Your assignment - Repeat word for word the lines from the top of the records through the line containing "近日,經(jīng)過嚴格的", and skip the pictures.
══ Data extracts
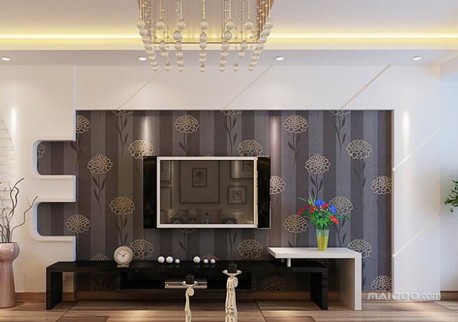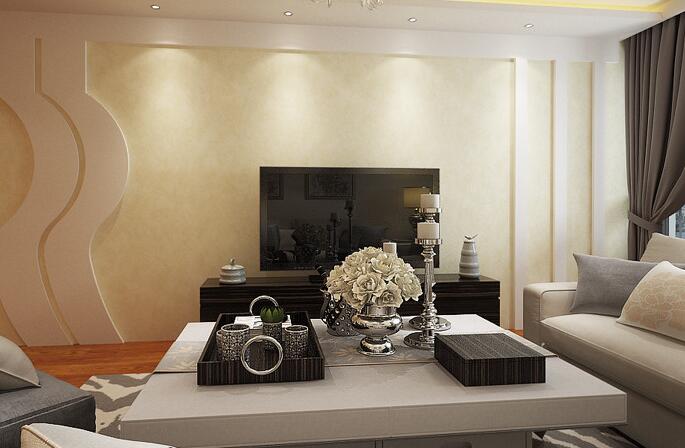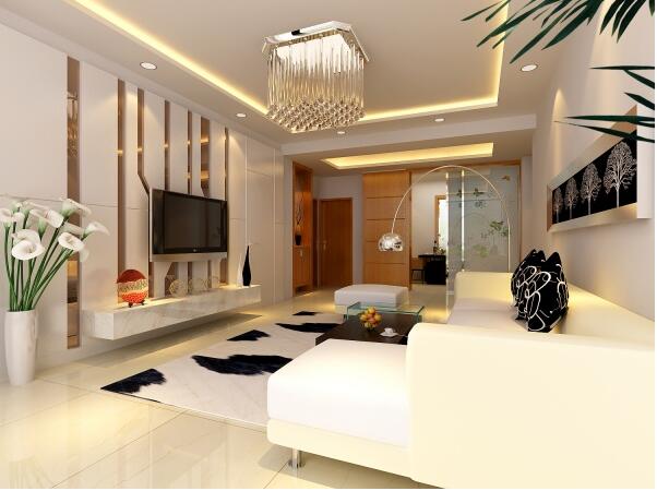 吊頂的顏色可以用白色的,然后再安裝上一張黑色比較有大氣風范的吊燈,把電視墻用簡單的石膏板圍起來,這樣就算沒有任何鮮亮的裝飾,但是看起來卻別有自己的一番風情。電視機的下面可以放一張實木紅棕色的電視柜,地板可以采用淺色系的木地板,這樣客廳就可以營造出一種寧靜淡然的氣氛,給用戶帶來不一樣的享受。
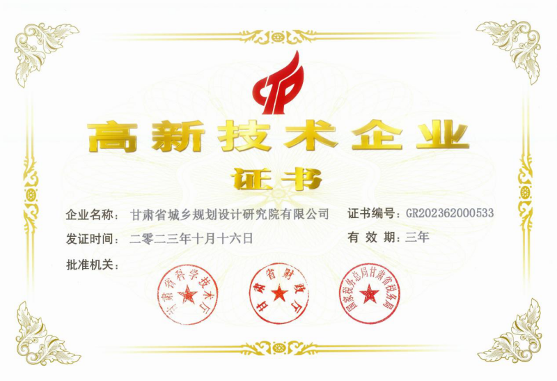近日,經(jīng)過嚴格的審批程序,省規(guī)劃設計院申報的國家高新技術企業(yè)最終通過認定并獲得由省科學技術廳、省財政廳和國家稅務總局甘肅省稅務局聯(lián)合頒發(fā)的“高新技術企業(yè)證書”(證書編號:GR202362000533)。
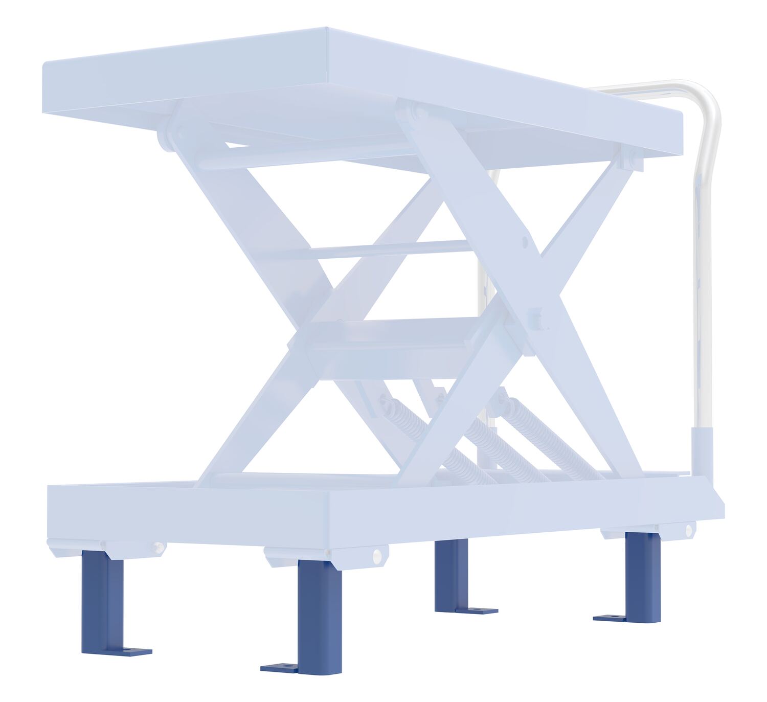 Steel Stationary Legs For Auto Hite Cart Models BlueStationary leg sets are a great accessory to a lift carts. By assigning the cart in a specific area the legs set create a solid base to a workplace. The set continues to have all the strength and durability of its portable counterpart, except the ability to roll.
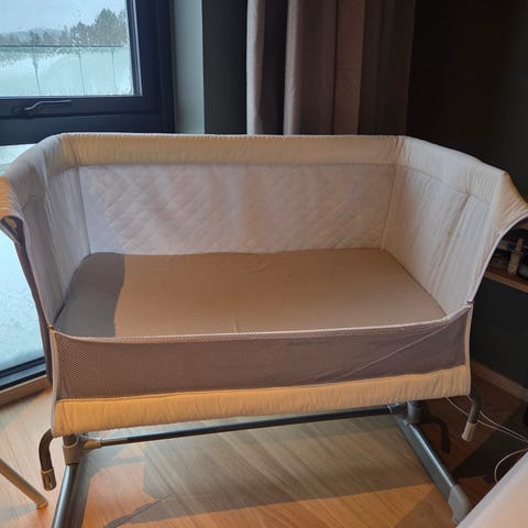 Chicco Bedside crib egnet for bruk som barneseng ved siden av foreldreseng. Designet for enkel tilgang til barnet og trygg soveplass. Materialer og farger er nøytrale og tilpasset barnemiljø.
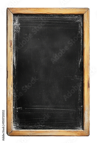 An empty vertical black chalkboard with a wooden frame, isolated on transparent background. Perfect for educational design themes
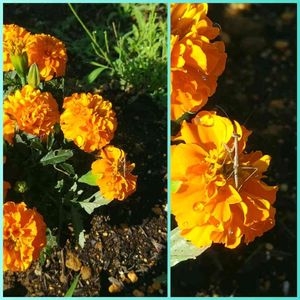 畑のマリーゴールドに赤ちゃんカマキリが😆 卵をたくさん見つけたから…これからも、たくさん見かけるかも😊 可愛い❤️
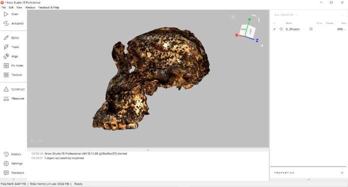 在Artec Studio中,Martin使用橡皮擦移除了背景,随后对齐扫描。之后,又进行了整体配准,再删除离群噪点,进行尖锐配准。对这些操作,他解释道:“如果是处理人类头骨,我希望能看清所有质量性状,所以精确度设为100微米。这样就能看到我想要的特征了,比如颞线、颅缝、小孔等。”
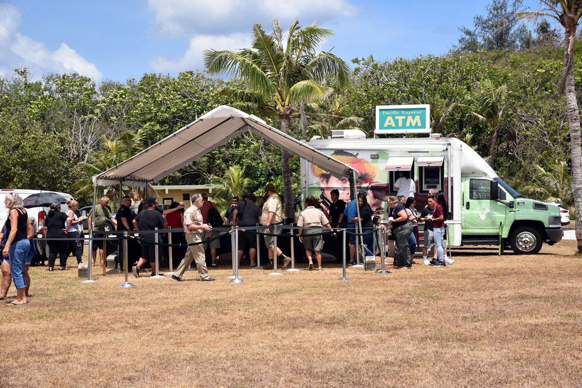 Many of those who attended the launch ceremony took part in the traditional coin exchange with about $16,000 in D-mint mark War in the Pacific Park quarters swapped for cash. The quarters were provided by Bank of Guam.
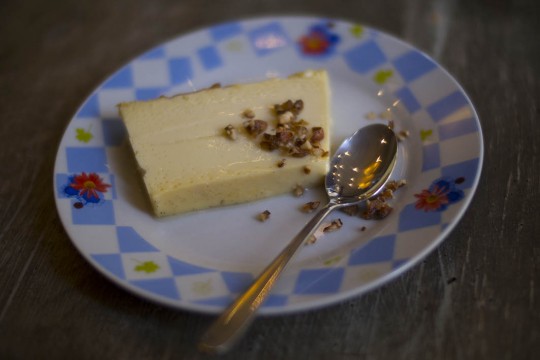 Flan aux œufs garni de fruits secs hachés. Patrice est pâtissier-confiseur de formation ; sa préférence va aux desserts de grand-mère, qu’il réussit fort bien.
════
Response to this exercise -
 吊頂的顏色可以用白色的,然后再安裝上一張黑色比較有大氣風范的吊燈,把電視墻用簡單的石膏板圍起來,這樣就算沒有任何鮮亮的裝飾,但是看起來卻別有自己的一番風情。電視機的下面可以放一張實木紅棕色的電視柜,地板可以采用淺色系的木地板,這樣客廳就可以營造出一種寧靜淡然的氣氛,給用戶帶來不一樣的享受。
近日,經(jīng)過嚴格的審批程序,省規(guī)劃設計院申報的國家高新技術企業(yè)最終通過認定并獲得由省科學技術廳、省財政廳和國家稅務總局甘肅省稅務局聯(lián)合頒發(fā)的“高新技術企業(yè)證書”(證書編號:GR202362000533)。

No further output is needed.